Metastatic carcinoma is relatively uncommon in cirrhotic liver, probably due to alteration of hemodynamics and microstructural environment in the liver [8]. When metastatic cancers are found in cirrhotic liver, they usually show rim-like APHE and can be categorized as non-HCC malignancy according to the imaging criteria of LI-RADS [37]. However, when a metastasis in cirrhotic liver demonstrates both non-rim APHE and washout appearance, it can be misdiagnosed as HCC (Fig. 6). As the current guidelines do not recommend restraining imaging diagnosis in patients with extrahepatic malignancy when they have cirrhosis, imaging diagnosis of HCC should be conducted with caution in patients with both extrahepatic malignancy and cirrhosis. According to our unpublished data, three (6.6%) out of 45 metastases arising in patients with cirrhosis or chronic hepatitis B could not be differentiated from HCC.

Fig. 6
figure 6

Metastatic adenocarcinoma from gastric cancer in a 65-year-old man with B-viral cirrhosis. Gadoxetate-enhanced MRI, precontrast (a), arterial phase (b), and venous phase (c) images show a nodular lesion in the caudate lobe of the liver, presenting with arterial phase hyperenhancement and washout appearance. T2-weighted fast spin-echo (d) and diffusion-weighted (e, b = 800 s/mm2) images show a hyperintense lesion. f Gross specimen shows the corresponding lesion

Conclusion

We have illustrated benign and malignant lesions found in histologically proven cirrhotic liver, showing imaging features compatible with HCC. Other lesions that were not addressed in this review but have been reported in cirrhotic liver by mimicking HCC include bile duct adenoma [70], inflammatory pseudotumor [71], angiomyolipoma [65], and chronic abscess [72]. The lesions we presented above may have been diagnosed clinically as HCC and would have been treated as such, if imaging criteria alone had been used for planning a locoregional treatment without histologic diagnosis. Although we only presented HCC-like tumors found in cirrhotic liver, there could have been more diverse entities showing the typical appearances of HCC, if we had included cases found in patients with chronic B-viral hepatitis or with other risk factors for HCC. Moreover, even though patients undergo locoregional treatment without histologic confirmation, they would be given a diagnosis of HCC and treated as such on further management.

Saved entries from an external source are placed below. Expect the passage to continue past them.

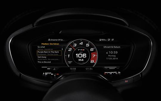 계기판 전체를 디스플레이로 채웠다. 12.3인치 크기에 1440×540픽셀 고해상도로 다양한 정보를 선명하게 표시한다. 아우디는 엔비디아와 파트너십을 맺고 최신 프로세서를 넣어 3D 이미지를 강화했다. 초당 60프레임으로 속도계와 태코미터 바늘의 움직임도 정확하게 표현한다. 화면에는 내비게이션, 카메라 뷰, 운전자 지원 기능, 전화, 라디오, 오디오 시스템 등 다양한 기능을 표시할 수 있다. 속도계와 태코미터는 상황에 따라 화면에 크게 자리 잡거나 작은 크기로 양옆 구석으로 이동하기도 한다.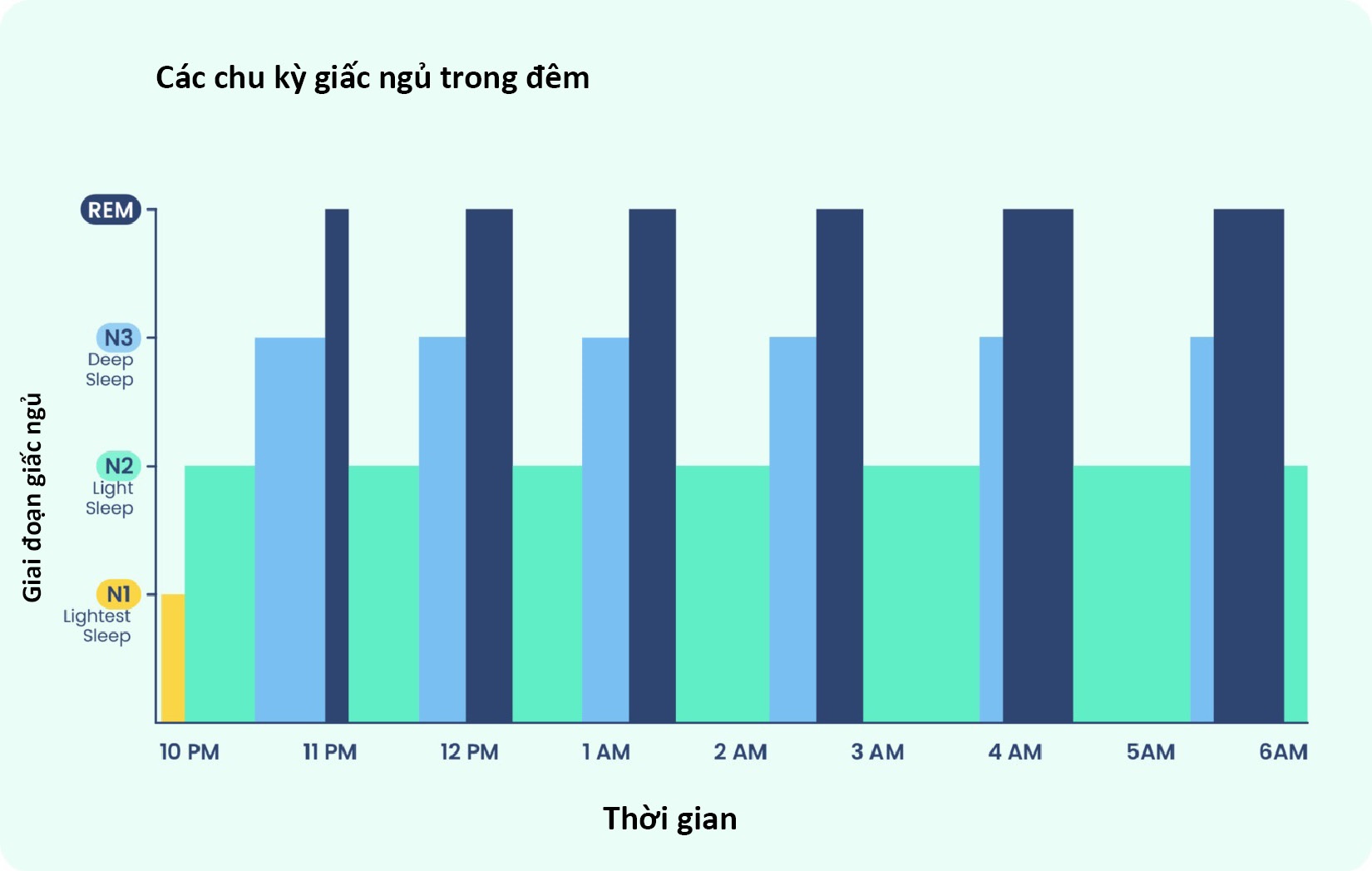 Thời lượng xác định dành cho từng giai đoạn giấc ngủ của một chu kỳ ngủ bình thường bao gồm: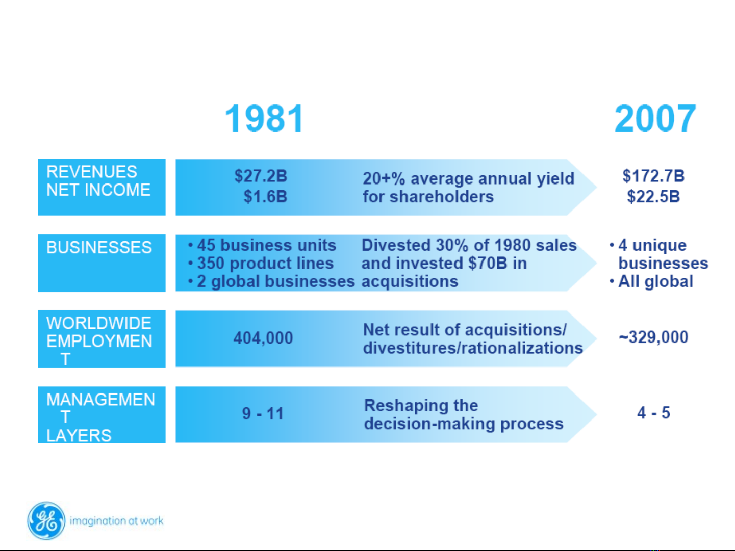 - Jack Welch là CEO 1981-2001 v i nhi u c i cách manh m :ớ ề ả ẽ

Therefore, we suggest that lesions that were diagnosed as HCC on imaging alone should be referred to with a different term, such as HCCi, meaning “HCC diagnosed based on imaging but not pathologic examinations.” In contrast, HCCs that were diagnosed as HCCs based on pathology may be designated as HCCp when they need to be distinguished from HCCi. Distinction of HCCi and HCCp would be relevant because histologic evaluation is important not only for the correct diagnosis of HCC but also for the identification of distinct subtype for estimation of prognosis and planning targeted therapy [73]. By using different terms (HCCi or HCCp) for the different HCCs diagnosed histologically or by imaging, it will be possible to evaluate the potential differences in prognosis between HCCi and HCCp after a certain treatment, especially locoregional treatment in which histological diagnosis is not typically obtained.

In conclusion, some benign and non-HCC malignant lesions can be diagnosed as HCC by satisfying imaging criteria. We propose distinguishing HCCs diagnosed based on imaging from those diagnosed by histologic examination using terms such as HCCi and HCCp.